EXCERPTED DATA:
● ● ● ● ● ● ●
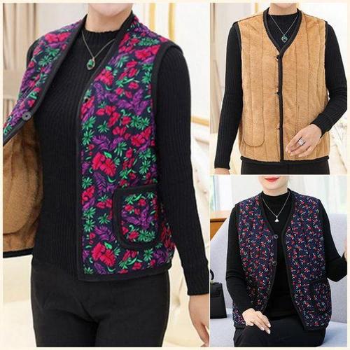 [셀러허브_여성트랜드패션]조끼 인조무스탕 기모 꽃무늬 보온 베스트 엄마선물
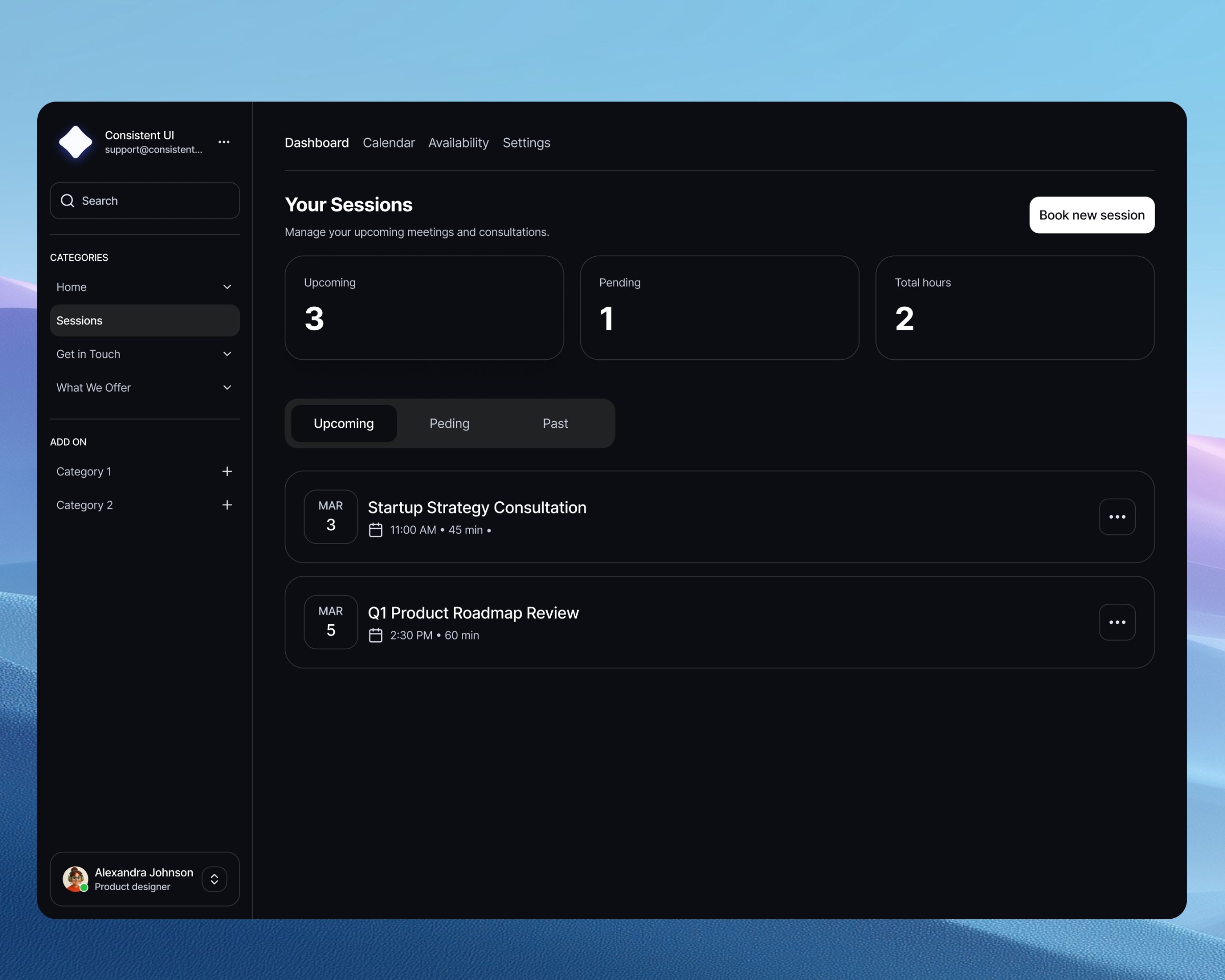 Built with Consistent UI Consistent UI is a modern Figma design system crafted to help designers move fast without sacrificing quality. It gives you everything you need to build clean, consistent interfaces - from foundations and tokens to advanced, responsive components. Design confidently with a system that keeps your workflow organized, scalable, and visually refined.
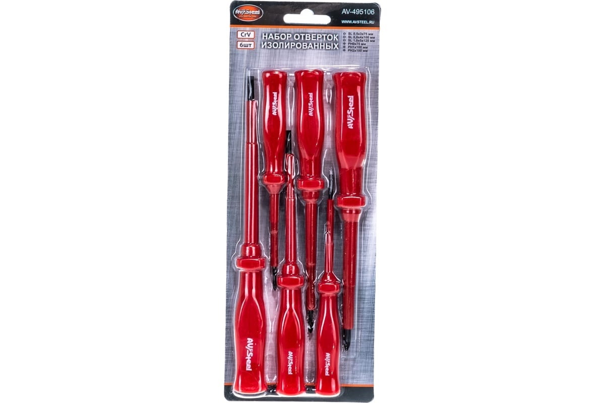Набор отверток AV Steel AV-495106 благодаря диэлектрическим свойствам позволяет эффективно и безопасно выполнять работу с крепежными элементами под напряжением. В данный набор входят 6 отверток с крестообразным и прямым наконечниками, а также тестер проверки напряжения. Жало отверток изготовлено из долговечной хромованадиевой стали, которая отличается стойкостью к повреждениям и износу. В отвертках AV Steel AV-495106 установлены эргономичные пластиковые рукоятки, которые гарантируют комфортное удержание.
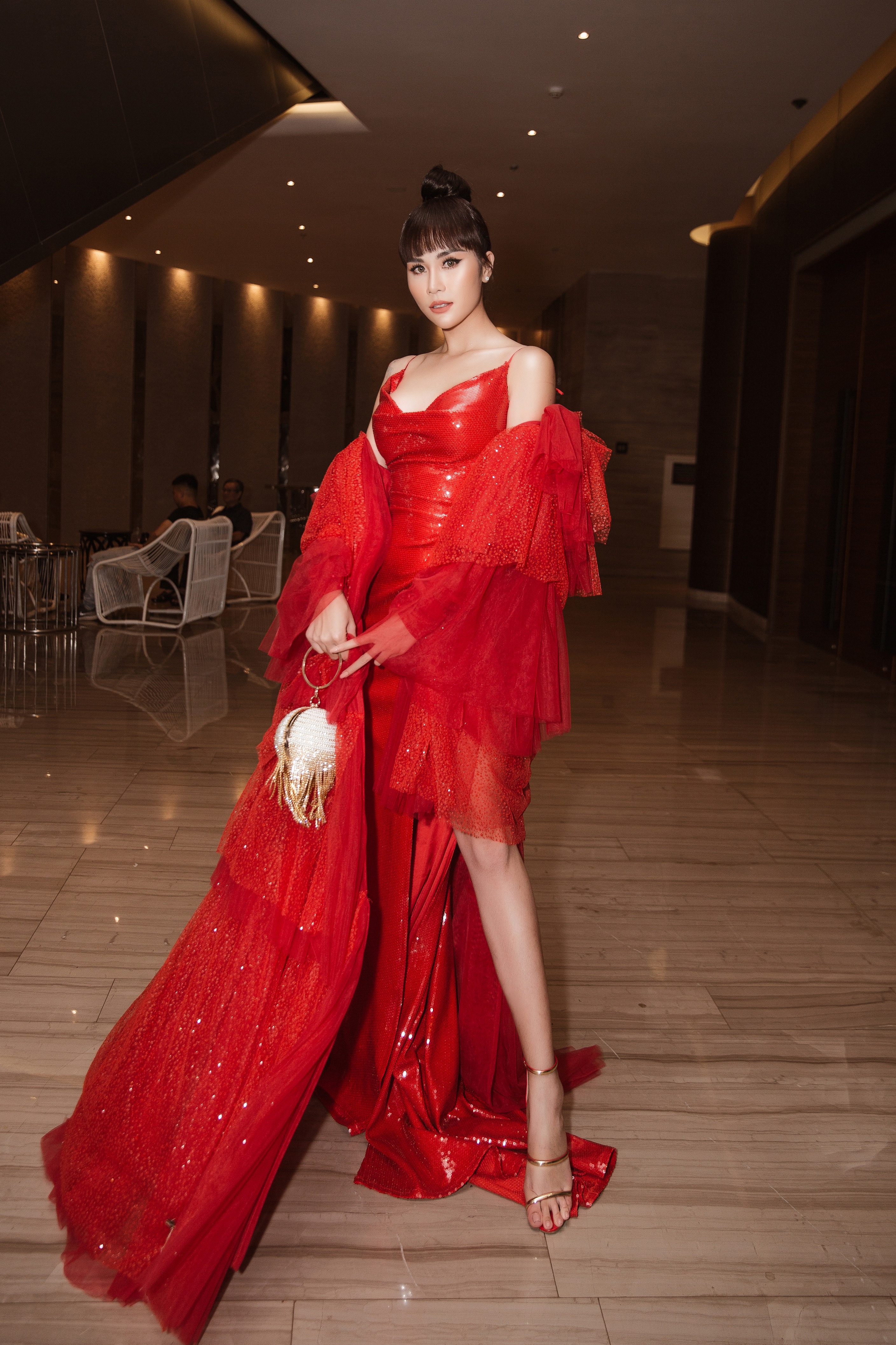Người đẹp còn tinh ý khi chọn cho mình phụ kiện túi tròn cầm tay, đi cùng kiểu tóc bới cao tạo nên tổng thể gợi cảm nhưng vẫn có nét cá tính.
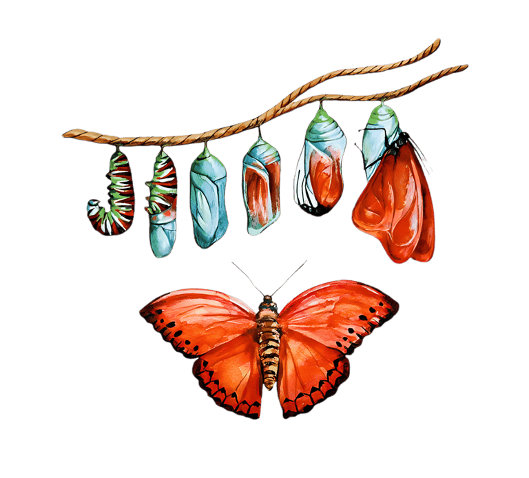 Assim como a borboleta precisa acolher todas as suas fases para emergir com liberdade e beleza, nós também precisamos acolher nossas fases para viver hoje com mais liberdade de ser quem realmente somos e viemos ser.
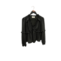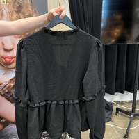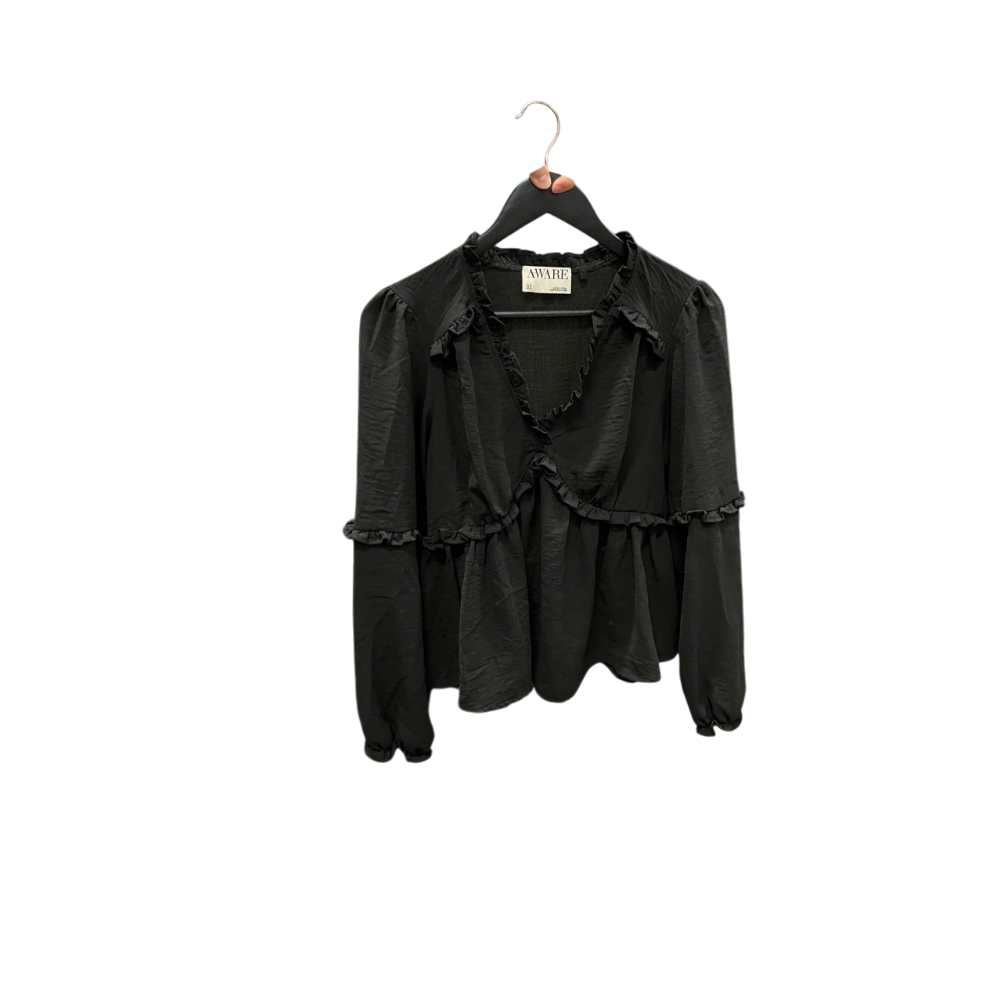Pitkähihainen, röyhelöyksityiskohtainen kevyt pusero.
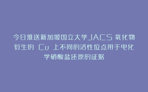 今日推送新加坡国立大学JACS:氧化物衍生的 Cu 上不同的活性位点用于电化学硝酸盐还原的证据
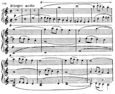 На этих темах строится фуга, представляющая в сонатной форме финала связующую партию. В эту фугу входит и третья тема:
● ● ● ● ● ● ●
ASSIGNED TASK: Everything from the first line of the entries above through the line with "Người đẹp còn" should be duplicated exactly, except the pictures.

FINISHED EXERCISE:
 [셀러허브_여성트랜드패션]조끼 인조무스탕 기모 꽃무늬 보온 베스트 엄마선물
 Built with Consistent UI Consistent UI is a modern Figma design system crafted to help designers move fast without sacrificing quality. It gives you everything you need to build clean, consistent interfaces - from foundations and tokens to advanced, responsive components. Design confidently with a system that keeps your workflow organized, scalable, and visually refined.
Набор отверток AV Steel AV-495106 благодаря диэлектрическим свойствам позволяет эффективно и безопасно выполнять работу с крепежными элементами под напряжением. В данный набор входят 6 отверток с крестообразным и прямым наконечниками, а также тестер проверки напряжения. Жало отверток изготовлено из долговечной хромованадиевой стали, которая отличается стойкостью к повреждениям и износу. В отвертках AV Steel AV-495106 установлены эргономичные пластиковые рукоятки, которые гарантируют комфортное удержание.
Người đẹp còn tinh ý khi chọn cho mình phụ kiện túi tròn cầm tay, đi cùng kiểu tóc bới cao tạo nên tổng thể gợi cảm nhưng vẫn có nét cá tính.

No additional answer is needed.